Chronic Anemia Offers an Especially Powerful Opportunity to Apply AI-Powered Dosing

There are more than 550,000 dialysis patients suffering from End-Stage Kidney Disease (ESKD) in the United States. Dialysis patients are at high risk for adverse outcomes, have complex medical problems, and are typically receiving multiple medications that can interact with one another. As a result, they need innovative approaches to manage the medications that they receive.

Almost 90% of dialysis patients experience chronic anemia and are treated with Erythropoiesis Stimulating Agents (ESAs). However, exposure to high doses of ESAs is associated with an increase in adverse cardiovascular events, so the primary clinical intent is to use the minimum amount of ESA necessary to prevent patients from requiring blood transfusions while avoiding potentially serious or fatal adverse cardiovascular events.

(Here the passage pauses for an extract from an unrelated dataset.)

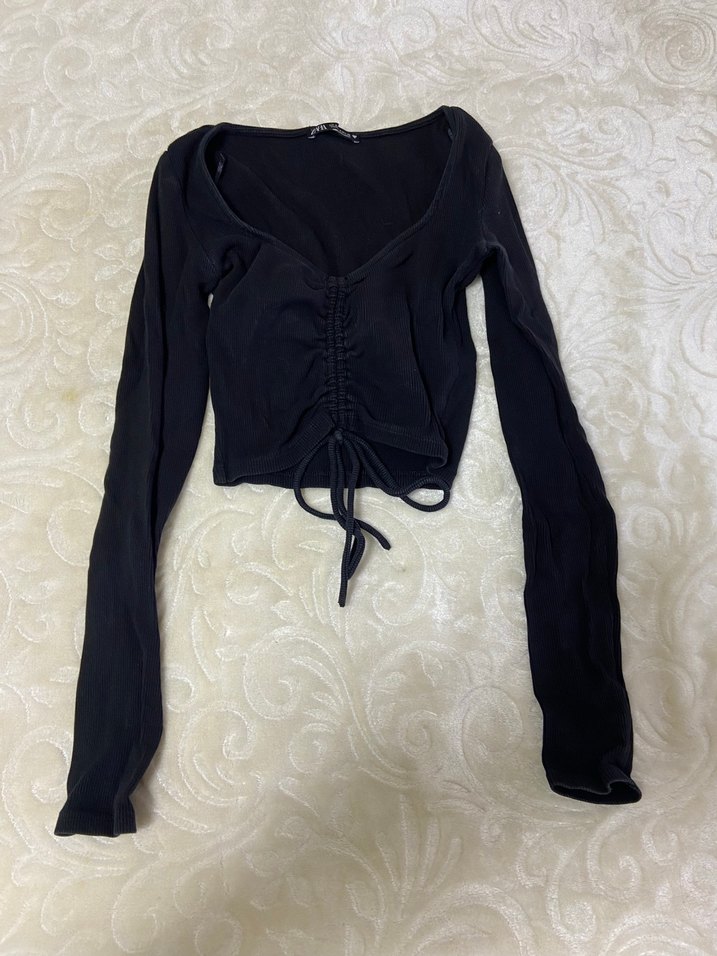 Fitted kesim siyah bluz, uzun kollu ve V yaka. Yumuşak ve sıcak kumaştan, önünde elastik detaylı, normal midi boyda,günlük kullanıma uygun.

Before Dosis developed Strategic Anemia Advisor, dosing recommendations for ESAs were protocol-based directives implemented in dialysis units as a one-size-fits-many approach. The ability to make dosing highly personalized through the use of AI translates into significantly improved patient outcomes with far less harmful drug exposure for patients and reduced costs for dialysis units, insurance providers, and the U.S. healthcare system.

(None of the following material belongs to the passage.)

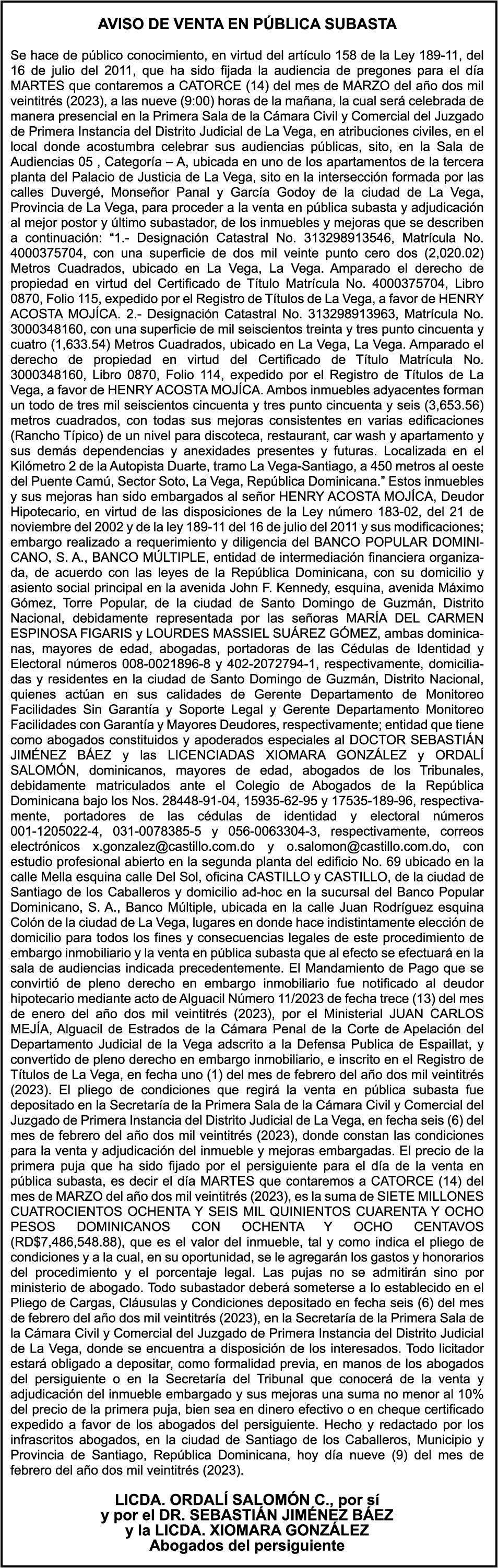 . 7 elCaribe, Lunes 13 De Febrero De 2023 LEGALES

A Standard of Care for Chronic Disease Dosing in the Future

AI-powered precision dosing will likely be the standard of care for chronic disease management in the future. Artificial intelligence is a valuable tool that can enhance a physician's ability to practice and make the best judgements possible, improving the cost of care and the quality of care itself.

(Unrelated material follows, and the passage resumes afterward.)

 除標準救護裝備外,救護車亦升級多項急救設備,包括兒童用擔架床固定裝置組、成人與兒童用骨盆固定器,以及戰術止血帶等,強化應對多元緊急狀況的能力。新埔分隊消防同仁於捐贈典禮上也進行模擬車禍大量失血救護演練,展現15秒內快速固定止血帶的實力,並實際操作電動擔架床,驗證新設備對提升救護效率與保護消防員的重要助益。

Dosing anemia drugs is only one, specific example of the impact that AI can have on medication prescribing. Dosis has already begun a trial of an AI-based intravenous iron dosing protocol, as an adjunct to Strategic Anemia Advisor. In addition, Dosis has developed a tool that informs the simultaneous dosing of three different types of medication that are used to manage mineral and bone disorder, a common comorbidity in kidney disease patients. This application will be the first of its kind, modelling three interdependent biological variables and three medications simultaneously that impact these values to return them to normal levels. Once AI for precision drug dosing is widely adopted, it will be extremely unlikely for the industry to revert back to previous dosing methods. The efficacy gap between AI-powered tools and legacy dosing methods will also only widen, as more data is incorporated into these tools.

In 10 years, AI-driven dosing models will likely be the standard of care across the healthcare spectrum, used for a wide variety of drugs like warfarin, insulin, and immunosuppressives. Indeed, any drug that is administered chronically and has a narrow therapeutic range is a good candidate for AI-driven dosing.  In addition, as more tools are developed and more opportunities to use those tools are identified, we will see exponential growth in the use of AI to drive therapies.

Author

Dr. George Aronoff is Chief Medical Officer of Dosis, Inc and co-inventor of Strategic Anemia Advisor, now commercialized and made available for use by Dosis Inc. He has over 30 years of experience in nephrology. He was previously Chief of Nephrology & Hypertension at the University of Louisville, where his research with Drs. Brier and Gaweda focused on using AI to dose ESAs in dialysis patients. He received his M.S. in Pharmacology and M.D. from Indiana University.